## [WORK REQUIRED]
This exercise calls for an exact copy of the listing, with no pictures kept.

## [PROVIDED DATA]
"""

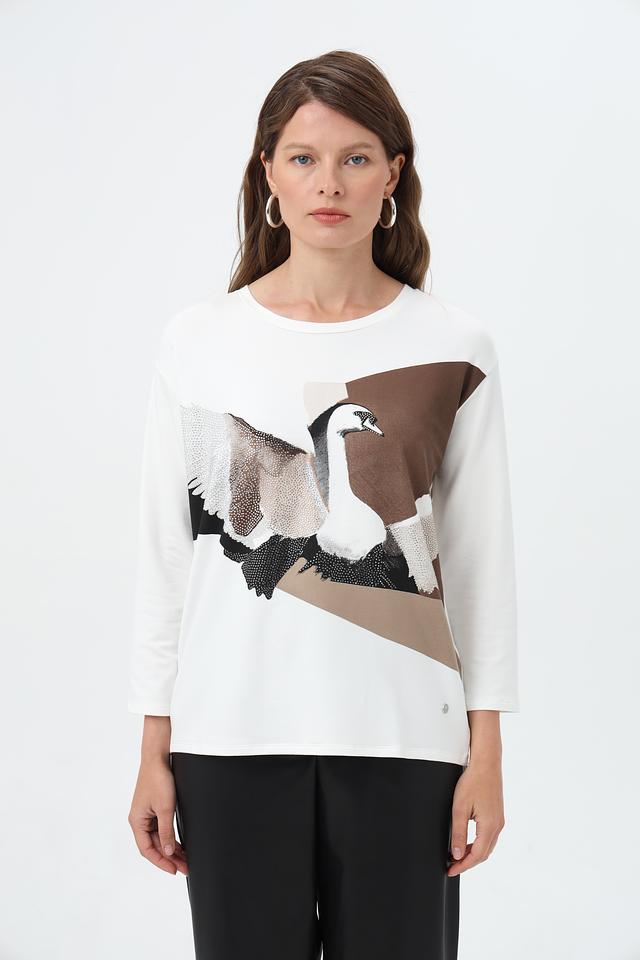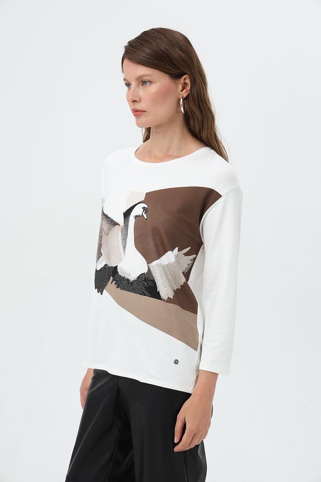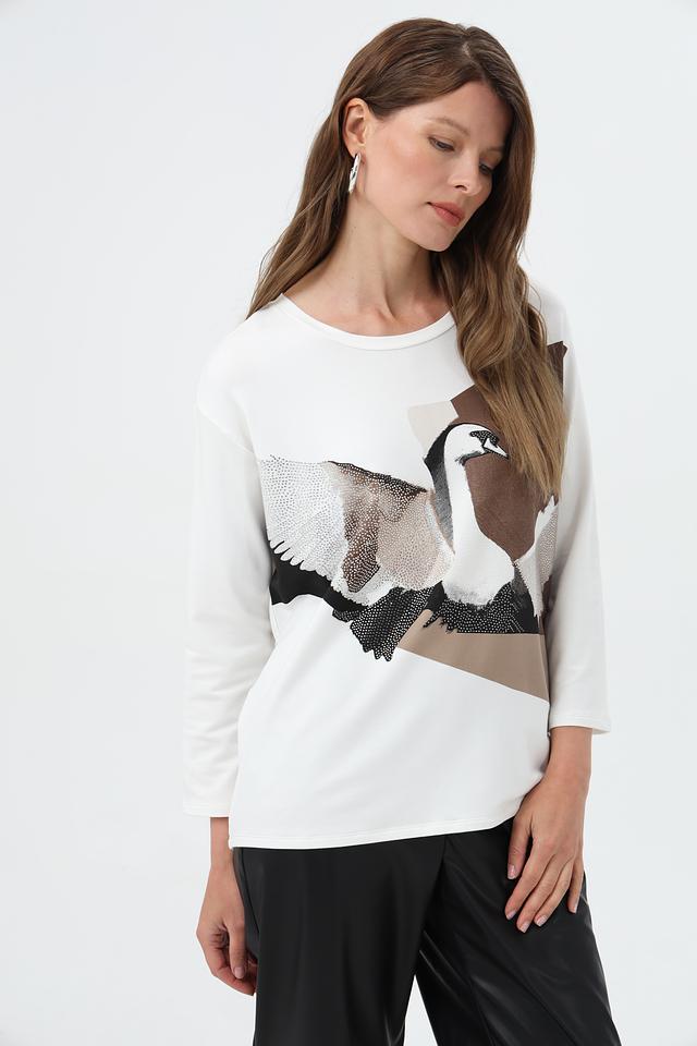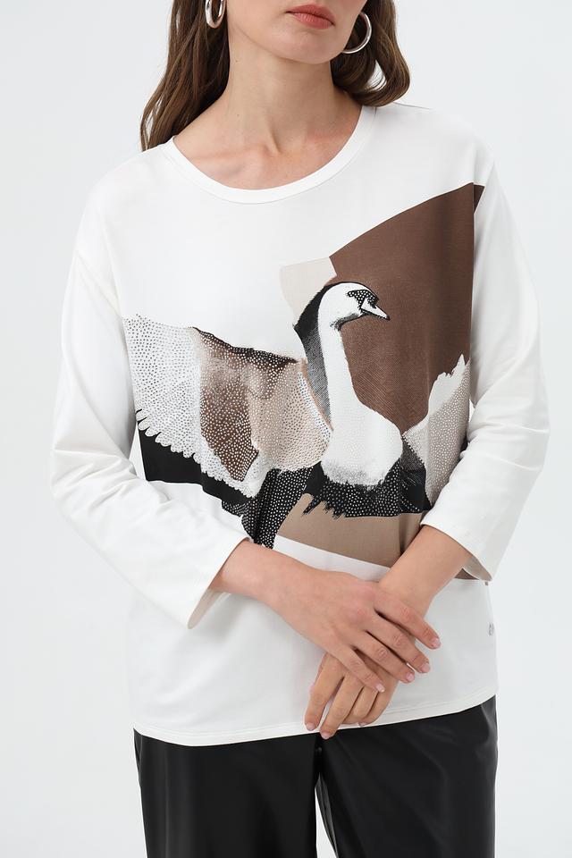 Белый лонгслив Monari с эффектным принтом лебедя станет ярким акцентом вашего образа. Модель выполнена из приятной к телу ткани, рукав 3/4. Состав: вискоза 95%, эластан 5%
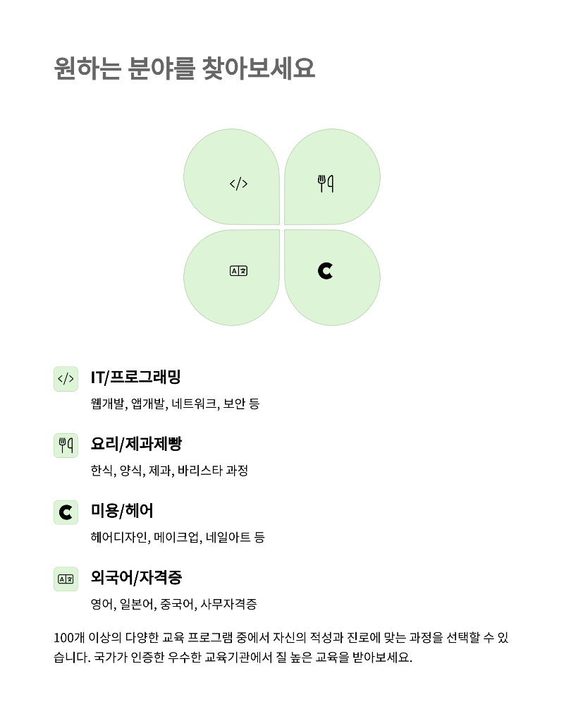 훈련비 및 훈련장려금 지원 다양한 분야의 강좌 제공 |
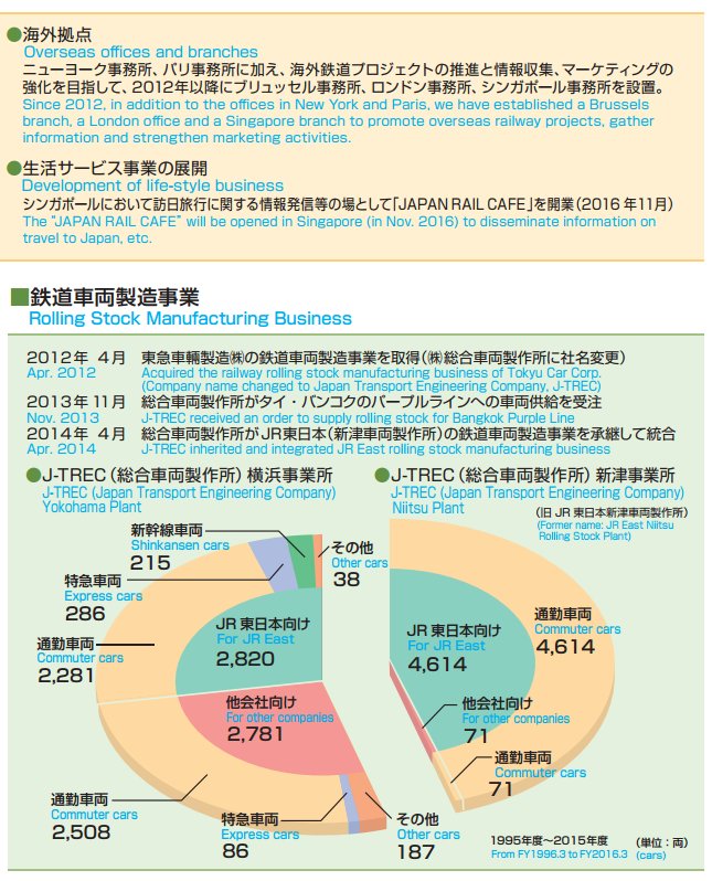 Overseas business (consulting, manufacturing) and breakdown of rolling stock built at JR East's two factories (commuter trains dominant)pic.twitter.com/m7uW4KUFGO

"""

## [WRITTEN ANSWER]
 Белый лонгслив Monari с эффектным принтом лебедя станет ярким акцентом вашего образа. Модель выполнена из приятной к телу ткани, рукав 3/4. Состав: вискоза 95%, эластан 5%
 훈련비 및 훈련장려금 지원 다양한 분야의 강좌 제공 |
 Overseas business (consulting, manufacturing) and breakdown of rolling stock built at JR East's two factories (commuter trains dominant)pic.twitter.com/m7uW4KUFGO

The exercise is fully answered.